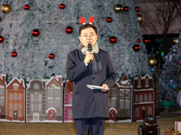 진교훈 강서구청장이 5일(금) 발산역 1번 출구 앞 광장에 조성된 ‘마곡 위시 빌리지’ 점등식에서 주민들과 함께 크리스마스 트리를 보며 소원을 빌었다.
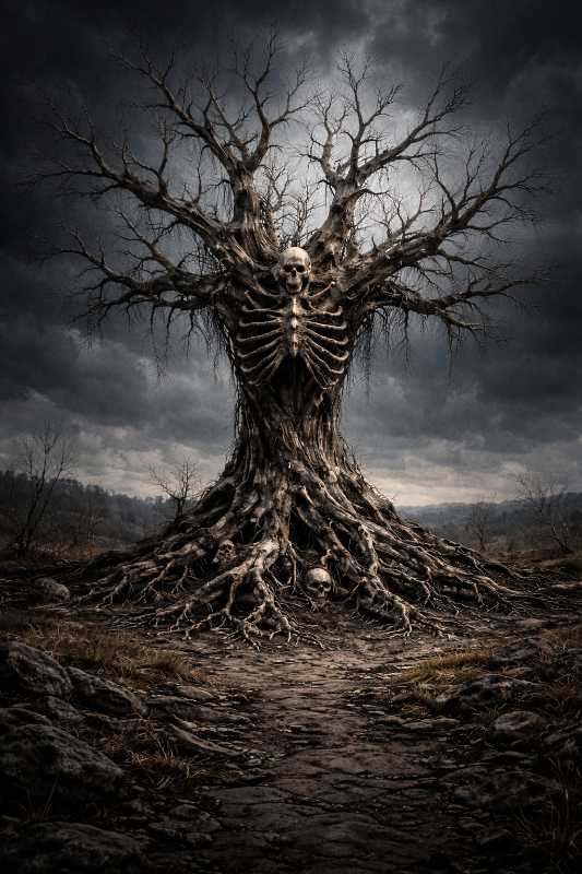 "Skeleton Tree" is the name of both song and album (2016) by Nick Cave and the Bad Seeds. While recording the album, Nick Cave's son had an accidental fatal fall, and several lyrics were changed to feature death, loss, and grief throughout the album. The recordings had not been fully 'polished' as prior albums had been, but given the raw emotion of Cave's vocals and the underlying themes now present, it was determined that the album should remain, to that end, "unfinished".
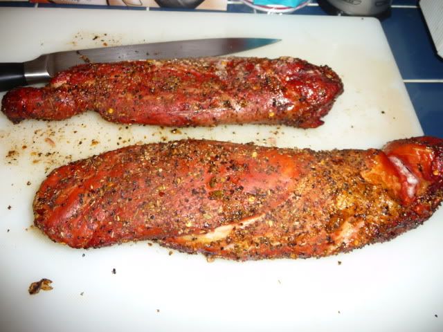 Brandon also smoked some pork tenderloin. He used his mixture of spices: garlic salt, coarse ground black pepper, red pepper flake, oregano, chili powder, and let it sit for a couple of hours in the fridge...
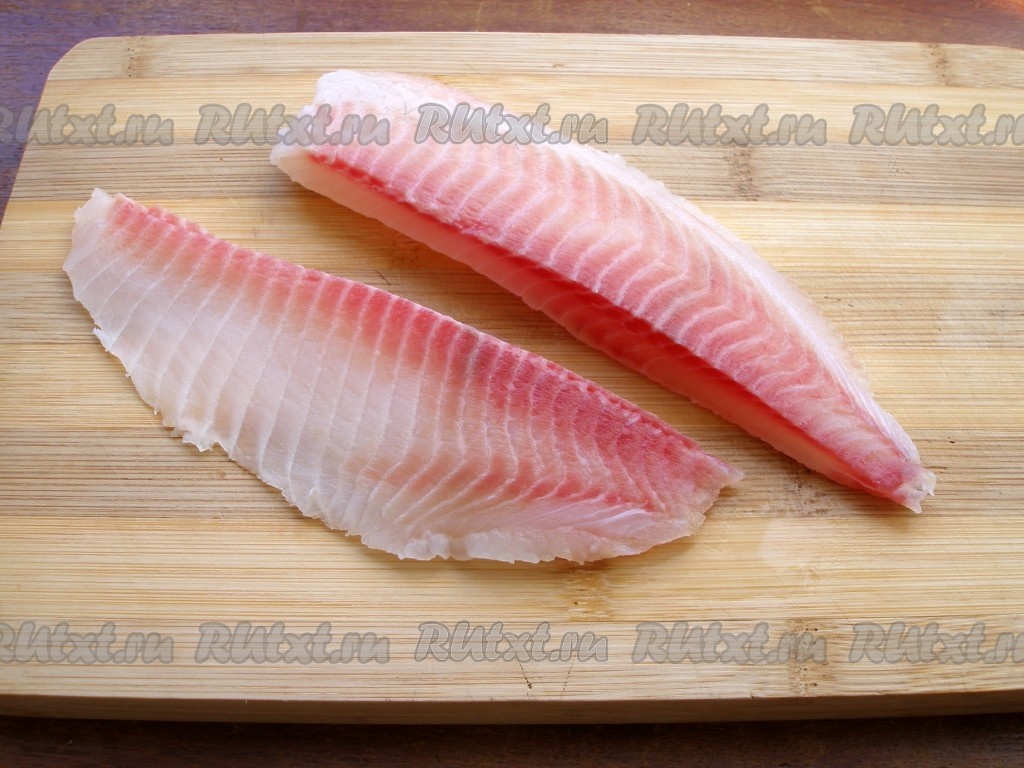 Филе окуня вымыть и разрезать на 2 или 4 части.
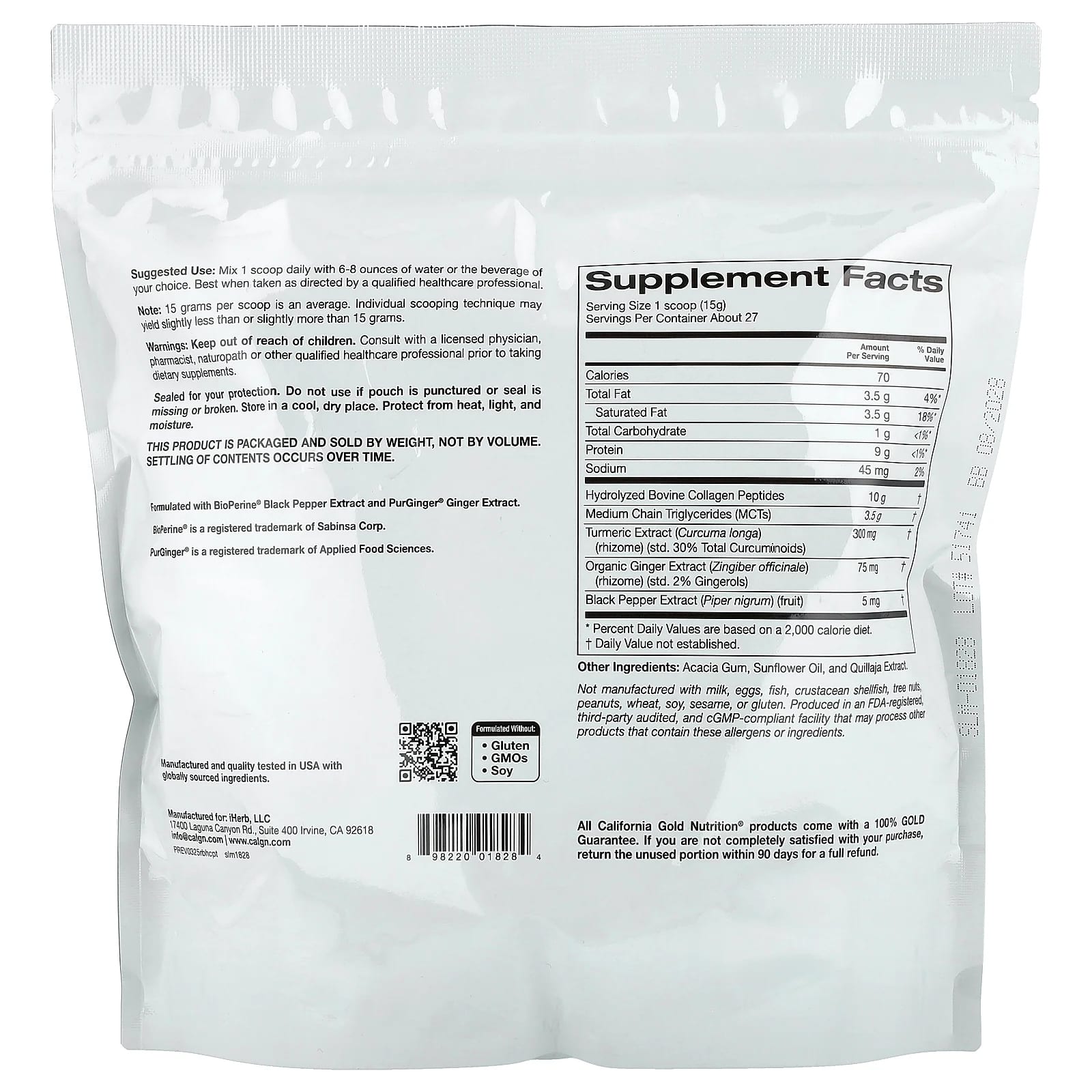 Гидролизованные пептиды бычьего коллагена, среднецепочечные триглицериды (MCT), экстракт корневища куркумы (Curcuma longa) (стандартизированный до 30% общих куркуминоидов), экстракт корневища органического имбиря (Zingiber officinale) (стандартизированный до 2% гингеролов), экстракт плодов черного перца (Piper nigrum).
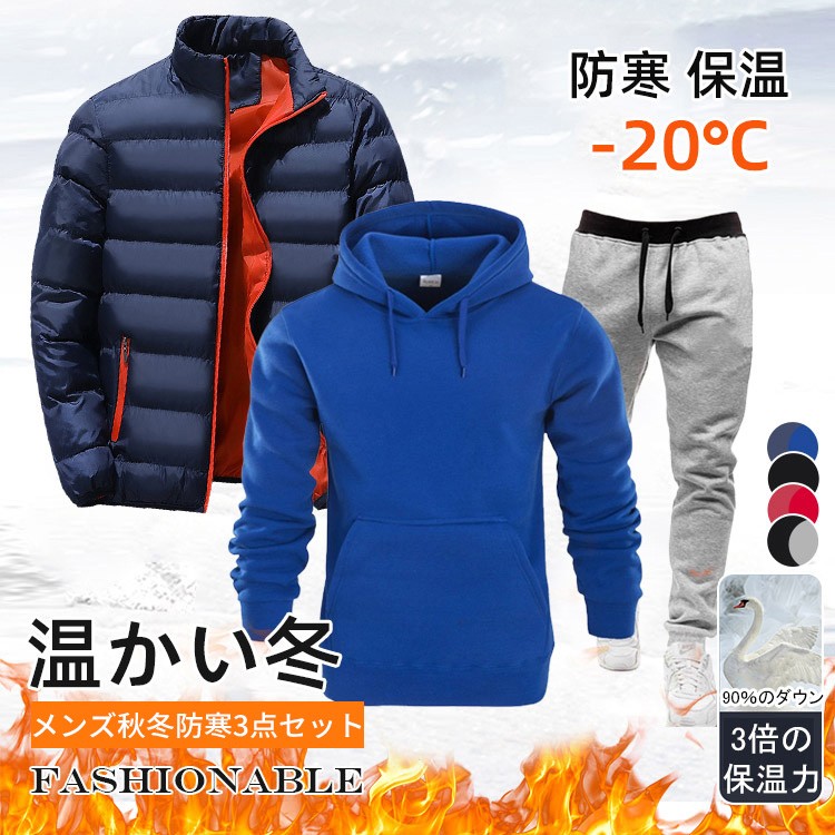 メンズ防寒ダウンジャケット+パーカー+ズボンセット 超とお得に!
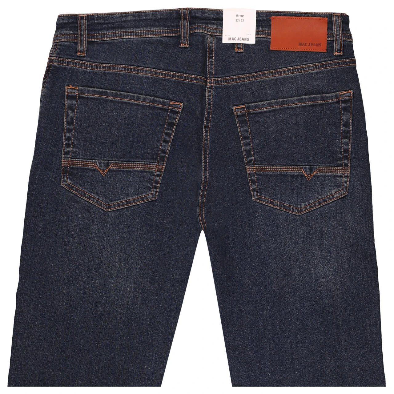 Einen klassisch-maskulinen Jeanslook garantiert Ihnen die MAC Arne. Ihr dezent rougher Style kommt durch den leichten Grünstich und die hellbraunen Nähte im Dunkelblau der Herrenjeans besonders gut zur Geltung. Der Stretchanteil verleiht dem festen Denim ein gutes Tragegefühl.
##########
What is expected
Every line of the data is to be transcribed exactly, and no picture is to be included.

Task result
 진교훈 강서구청장이 5일(금) 발산역 1번 출구 앞 광장에 조성된 ‘마곡 위시 빌리지’ 점등식에서 주민들과 함께 크리스마스 트리를 보며 소원을 빌었다.
 "Skeleton Tree" is the name of both song and album (2016) by Nick Cave and the Bad Seeds. While recording the album, Nick Cave's son had an accidental fatal fall, and several lyrics were changed to feature death, loss, and grief throughout the album. The recordings had not been fully 'polished' as prior albums had been, but given the raw emotion of Cave's vocals and the underlying themes now present, it was determined that the album should remain, to that end, "unfinished".
 Brandon also smoked some pork tenderloin. He used his mixture of spices: garlic salt, coarse ground black pepper, red pepper flake, oregano, chili powder, and let it sit for a couple of hours in the fridge...
 Филе окуня вымыть и разрезать на 2 или 4 части.
 Гидролизованные пептиды бычьего коллагена, среднецепочечные триглицериды (MCT), экстракт корневища куркумы (Curcuma longa) (стандартизированный до 30% общих куркуминоидов), экстракт корневища органического имбиря (Zingiber officinale) (стандартизированный до 2% гингеролов), экстракт плодов черного перца (Piper nigrum).
 メンズ防寒ダウンジャケット+パーカー+ズボンセット 超とお得に!
 Einen klassisch-maskulinen Jeanslook garantiert Ihnen die MAC Arne. Ihr dezent rougher Style kommt durch den leichten Grünstich und die hellbraunen Nähte im Dunkelblau der Herrenjeans besonders gut zur Geltung. Der Stretchanteil verleiht dem festen Denim ein gutes Tragegefühl.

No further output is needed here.